Member of the Minnesota House of Representatives from the 54B district
- Incumbent
- Assumed office January 3, 2023
- Preceded by: Tony Albright

Personal details
- Born: July 15, 1978 (age 48)
- Party: Republican
- Spouse: Lindy
- Children: 3
- Education: University of Northwestern – St. Paul (BS) Minnesota State University, Mankato (MS)
- Occupation: Educator; Legislator;
- Website: Government website Campaign website

= Ben Bakeberg =

American politician

Ben Bakeberg (born July 15, 1978) is an American politician serving in the Minnesota House of Representatives since 2023. A member of the Republican Party of Minnesota, Bakeberg represents District 54B south of the Twin Cities metropolitan area, which includes the city of Prior Lake and parts of Scott County.

== Early life, education and career ==
Bakeberg received his Bachelor of Science degree in elementary education from the University of Northwestern - St.

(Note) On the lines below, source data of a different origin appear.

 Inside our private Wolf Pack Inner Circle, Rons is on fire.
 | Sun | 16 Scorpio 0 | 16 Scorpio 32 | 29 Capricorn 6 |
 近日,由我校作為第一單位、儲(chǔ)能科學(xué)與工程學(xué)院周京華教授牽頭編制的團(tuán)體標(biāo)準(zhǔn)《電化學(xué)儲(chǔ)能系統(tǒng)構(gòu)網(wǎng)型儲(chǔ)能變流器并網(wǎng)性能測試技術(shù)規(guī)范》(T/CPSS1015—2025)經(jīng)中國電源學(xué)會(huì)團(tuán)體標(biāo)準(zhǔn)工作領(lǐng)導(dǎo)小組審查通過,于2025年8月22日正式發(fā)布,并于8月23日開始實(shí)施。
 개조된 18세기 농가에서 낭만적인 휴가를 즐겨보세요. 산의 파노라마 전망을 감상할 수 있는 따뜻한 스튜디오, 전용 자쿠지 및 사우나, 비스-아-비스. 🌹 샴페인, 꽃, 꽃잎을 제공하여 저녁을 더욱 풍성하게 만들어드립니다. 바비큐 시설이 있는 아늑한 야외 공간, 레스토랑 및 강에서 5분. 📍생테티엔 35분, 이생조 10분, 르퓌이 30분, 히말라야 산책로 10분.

Paul, and his Master's in science in education leadership from Minnesota State University Mankato.

He worked as the principal of Jordan Middle School in Jordan, Minnesota.

== Minnesota House of Representatives ==
Bakeberg was elected to the Minnesota House of Representatives in 2022. He first ran after redistricting and after five-term Republican incumbent Tony Albright announced he would not seek reelection and resigned to take a lobbying job.

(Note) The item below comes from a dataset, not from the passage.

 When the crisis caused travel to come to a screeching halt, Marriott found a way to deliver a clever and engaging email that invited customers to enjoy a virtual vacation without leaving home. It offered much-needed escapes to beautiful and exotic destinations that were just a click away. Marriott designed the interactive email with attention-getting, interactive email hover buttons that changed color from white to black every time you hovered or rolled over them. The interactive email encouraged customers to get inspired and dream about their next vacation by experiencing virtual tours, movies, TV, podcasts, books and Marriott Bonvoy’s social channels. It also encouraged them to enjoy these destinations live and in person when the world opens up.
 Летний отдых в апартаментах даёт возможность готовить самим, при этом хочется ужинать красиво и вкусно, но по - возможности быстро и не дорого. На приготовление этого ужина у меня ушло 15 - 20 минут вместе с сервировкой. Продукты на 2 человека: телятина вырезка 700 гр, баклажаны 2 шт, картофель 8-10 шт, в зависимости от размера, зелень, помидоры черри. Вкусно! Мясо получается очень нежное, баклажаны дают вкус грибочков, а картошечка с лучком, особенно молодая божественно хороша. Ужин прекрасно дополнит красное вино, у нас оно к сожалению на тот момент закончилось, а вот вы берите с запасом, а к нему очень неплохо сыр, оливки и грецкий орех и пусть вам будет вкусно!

Bakeberg serves on the Education Finance and Education Policy Committees.

=== Political positions ===
Bakeberg's 2024 campaign slogan is "strong families, strong communities, and strong schools."

Bakeberg opposed legislation that would require Minnesota high schools to offer an ethnic studies course, saying: "Diversity makes us stronger. Learning different perspectives makes each of us, just simply at a basic level, better human beings. However, local school districts across the state are already doing this, and they don't need us to mandate."

Bakeberg, who has overseen a school lunchroom as a teacher and principal, said a bill guaranteeing a daily breakfast and lunch to all students "does not ensure that every student will be full" and would not eliminate school lunch debt because some children may choose to get extra meals: "Kids are saying, 'I need an extra entrée, I need a la carte' and kids continue to be hungry because of the federal lunch guidelines."

During a committee hearing on Minnesota's literacy requirements, Bakeberg said that whole language and balanced literacy programs are "quite possibly one of the greatest frauds in education in the past 40 years". He added, "We cannot abandon our children for those interested in protecting their pockets—money—and protecting systems that are more comfortable for adults than they are for kids."

== Electoral history ==

2022 Minnesota State House - District 54B
| Party |  | Candidate | Votes | % |
|---|---|---|---|---|
|  | Republican | Ben Bakeberg | 12,317 | 60.70 |
|  | Democratic (DFL) | Brendan Van Alstyne | 7,962 | 39.24 |
|  | Write-in |  | 14 | 0.07 |
| Total votes |  |  | 20,293 | 100.0 |
|  | Republican hold |  |  |  |

2024 Minnesota State House - District 54B
| Party |  | Candidate | Votes | % |
|---|---|---|---|---|
|  | Republican | Ben Bakeberg (incumbent) | 15,807 | 61.94 |
|  | Democratic (DFL) | Jean Lee | 9,696 | 37.99 |
|  | Write-in |  | 18 | 0.07 |
| Total votes |  |  | 25,521 | 100.00 |
|  | Republican hold |  |  |  |

== Personal life ==
Bakeberg lives in Jordan, Minnesota, with his wife, Lindy, and has three children.